One of the standout features of StreamVPN is its ability to bypass internet censorship and geo-restrictions. With servers in multiple locations, users can easily connect to a server in a different country and access content that may be restricted in their region. This makes it an ideal VPN for users who want to stream content from other countries or access websites that may be blocked.

Another great feature of StreamVPN is its strict no-logs policy, which ensures that user activity and connection logs are not stored. This means that users can enjoy a high level of privacy and security while browsing the internet.

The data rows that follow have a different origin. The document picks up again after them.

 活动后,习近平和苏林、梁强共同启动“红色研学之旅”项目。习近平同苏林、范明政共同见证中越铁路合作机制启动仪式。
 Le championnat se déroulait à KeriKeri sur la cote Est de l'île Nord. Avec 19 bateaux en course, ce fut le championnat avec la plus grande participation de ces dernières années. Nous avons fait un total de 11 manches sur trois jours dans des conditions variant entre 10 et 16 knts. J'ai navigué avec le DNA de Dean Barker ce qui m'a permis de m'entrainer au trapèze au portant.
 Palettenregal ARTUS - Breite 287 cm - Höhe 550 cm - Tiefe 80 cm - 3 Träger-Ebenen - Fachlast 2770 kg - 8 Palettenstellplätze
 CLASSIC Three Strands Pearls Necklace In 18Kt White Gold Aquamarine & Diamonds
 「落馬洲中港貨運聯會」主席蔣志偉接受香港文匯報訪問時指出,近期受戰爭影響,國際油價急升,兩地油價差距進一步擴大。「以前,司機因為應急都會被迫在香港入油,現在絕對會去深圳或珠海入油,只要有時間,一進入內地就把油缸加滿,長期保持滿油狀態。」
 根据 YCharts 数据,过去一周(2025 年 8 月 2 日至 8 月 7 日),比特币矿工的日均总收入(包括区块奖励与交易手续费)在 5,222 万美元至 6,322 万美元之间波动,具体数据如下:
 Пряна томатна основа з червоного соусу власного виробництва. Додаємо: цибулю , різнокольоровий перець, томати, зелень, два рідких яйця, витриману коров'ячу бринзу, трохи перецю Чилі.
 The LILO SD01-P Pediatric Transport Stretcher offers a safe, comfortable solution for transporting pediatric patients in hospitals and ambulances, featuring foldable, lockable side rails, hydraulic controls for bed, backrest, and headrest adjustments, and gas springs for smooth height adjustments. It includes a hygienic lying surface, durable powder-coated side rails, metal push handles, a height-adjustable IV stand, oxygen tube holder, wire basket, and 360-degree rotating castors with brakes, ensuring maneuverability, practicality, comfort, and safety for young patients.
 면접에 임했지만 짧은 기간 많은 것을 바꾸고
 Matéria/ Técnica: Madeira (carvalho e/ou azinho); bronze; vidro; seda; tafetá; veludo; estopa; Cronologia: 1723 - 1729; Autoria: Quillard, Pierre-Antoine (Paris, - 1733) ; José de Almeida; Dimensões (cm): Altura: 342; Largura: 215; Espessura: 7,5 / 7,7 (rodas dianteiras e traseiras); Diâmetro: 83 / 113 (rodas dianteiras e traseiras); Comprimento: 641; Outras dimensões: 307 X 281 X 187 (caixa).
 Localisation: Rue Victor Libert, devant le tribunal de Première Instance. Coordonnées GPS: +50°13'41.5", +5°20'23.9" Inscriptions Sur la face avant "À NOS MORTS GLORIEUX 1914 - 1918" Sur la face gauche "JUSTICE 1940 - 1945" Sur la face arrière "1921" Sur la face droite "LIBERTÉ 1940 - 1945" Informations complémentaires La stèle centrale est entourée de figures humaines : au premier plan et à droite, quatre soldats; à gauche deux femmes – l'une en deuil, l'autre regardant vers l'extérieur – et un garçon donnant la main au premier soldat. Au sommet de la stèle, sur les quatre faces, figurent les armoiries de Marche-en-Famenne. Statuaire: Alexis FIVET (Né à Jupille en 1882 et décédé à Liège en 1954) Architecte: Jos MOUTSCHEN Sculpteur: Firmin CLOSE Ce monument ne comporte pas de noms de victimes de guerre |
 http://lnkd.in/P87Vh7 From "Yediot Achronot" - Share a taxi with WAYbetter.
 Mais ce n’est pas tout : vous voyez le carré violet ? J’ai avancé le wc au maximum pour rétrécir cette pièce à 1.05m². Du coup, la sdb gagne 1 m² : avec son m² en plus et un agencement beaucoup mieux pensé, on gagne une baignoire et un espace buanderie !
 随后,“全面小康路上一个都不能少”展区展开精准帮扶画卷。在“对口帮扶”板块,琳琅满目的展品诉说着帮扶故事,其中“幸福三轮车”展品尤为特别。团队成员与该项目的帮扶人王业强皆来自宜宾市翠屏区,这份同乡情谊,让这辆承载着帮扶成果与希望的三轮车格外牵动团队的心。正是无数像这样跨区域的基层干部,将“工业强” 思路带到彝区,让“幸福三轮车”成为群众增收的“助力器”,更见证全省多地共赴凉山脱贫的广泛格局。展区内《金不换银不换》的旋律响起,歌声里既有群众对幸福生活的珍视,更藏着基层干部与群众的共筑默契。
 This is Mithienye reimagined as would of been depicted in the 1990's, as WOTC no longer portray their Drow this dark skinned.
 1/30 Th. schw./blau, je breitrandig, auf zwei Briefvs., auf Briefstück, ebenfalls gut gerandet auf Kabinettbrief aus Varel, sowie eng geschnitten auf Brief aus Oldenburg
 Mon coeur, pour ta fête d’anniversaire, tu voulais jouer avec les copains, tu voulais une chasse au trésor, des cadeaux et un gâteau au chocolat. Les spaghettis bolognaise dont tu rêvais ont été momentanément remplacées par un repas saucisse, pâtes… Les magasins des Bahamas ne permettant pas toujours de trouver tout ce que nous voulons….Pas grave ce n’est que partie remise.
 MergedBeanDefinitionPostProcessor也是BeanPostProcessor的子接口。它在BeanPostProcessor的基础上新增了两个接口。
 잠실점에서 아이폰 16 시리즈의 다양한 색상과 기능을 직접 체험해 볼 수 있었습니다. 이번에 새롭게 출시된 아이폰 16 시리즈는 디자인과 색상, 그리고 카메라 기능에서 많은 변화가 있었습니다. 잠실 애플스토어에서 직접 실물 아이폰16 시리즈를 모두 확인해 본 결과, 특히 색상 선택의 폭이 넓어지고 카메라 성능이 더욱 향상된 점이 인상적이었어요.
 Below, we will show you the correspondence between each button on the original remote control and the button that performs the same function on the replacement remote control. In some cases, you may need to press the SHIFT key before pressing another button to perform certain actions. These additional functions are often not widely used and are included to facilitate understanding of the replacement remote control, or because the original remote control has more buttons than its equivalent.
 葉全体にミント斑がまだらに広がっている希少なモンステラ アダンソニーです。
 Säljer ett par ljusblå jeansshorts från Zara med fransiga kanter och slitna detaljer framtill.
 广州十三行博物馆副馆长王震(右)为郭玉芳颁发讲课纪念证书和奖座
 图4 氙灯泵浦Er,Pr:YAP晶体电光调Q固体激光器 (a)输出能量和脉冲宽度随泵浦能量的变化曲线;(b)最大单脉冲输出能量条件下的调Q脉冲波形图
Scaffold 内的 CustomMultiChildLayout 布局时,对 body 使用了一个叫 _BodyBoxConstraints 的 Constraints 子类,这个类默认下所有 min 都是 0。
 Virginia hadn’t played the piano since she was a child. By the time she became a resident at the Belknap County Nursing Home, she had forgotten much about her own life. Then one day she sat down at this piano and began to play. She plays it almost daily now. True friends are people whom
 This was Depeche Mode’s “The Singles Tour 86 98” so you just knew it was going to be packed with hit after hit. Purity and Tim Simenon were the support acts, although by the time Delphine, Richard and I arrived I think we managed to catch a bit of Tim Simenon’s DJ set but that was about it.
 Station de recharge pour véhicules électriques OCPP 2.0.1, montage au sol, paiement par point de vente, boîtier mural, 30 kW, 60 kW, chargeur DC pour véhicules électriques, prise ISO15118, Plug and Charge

StreamVPN also offers fast connection speeds, which is essential for users who want to stream high-quality content or engage in online gaming. Additionally, the service offers excellent customer support and has a dedicated support team available 24/7 to assist users with any issues they may encounter.

Overall, StreamVPN is an excellent VPN service that offers its users a great mix of privacy, security, and functionality. It is a reliable and efficient VPN that is well worth considering for anyone looking for a top-quality VPN service.

Bot detected 1000000%

So, Mullvad isn't trustworthy?

Trust Mullvad as far as you can throw it. Don't expect it to keep your network traffic a secret any more than any other service, though it does have less data-broker baggage than many others.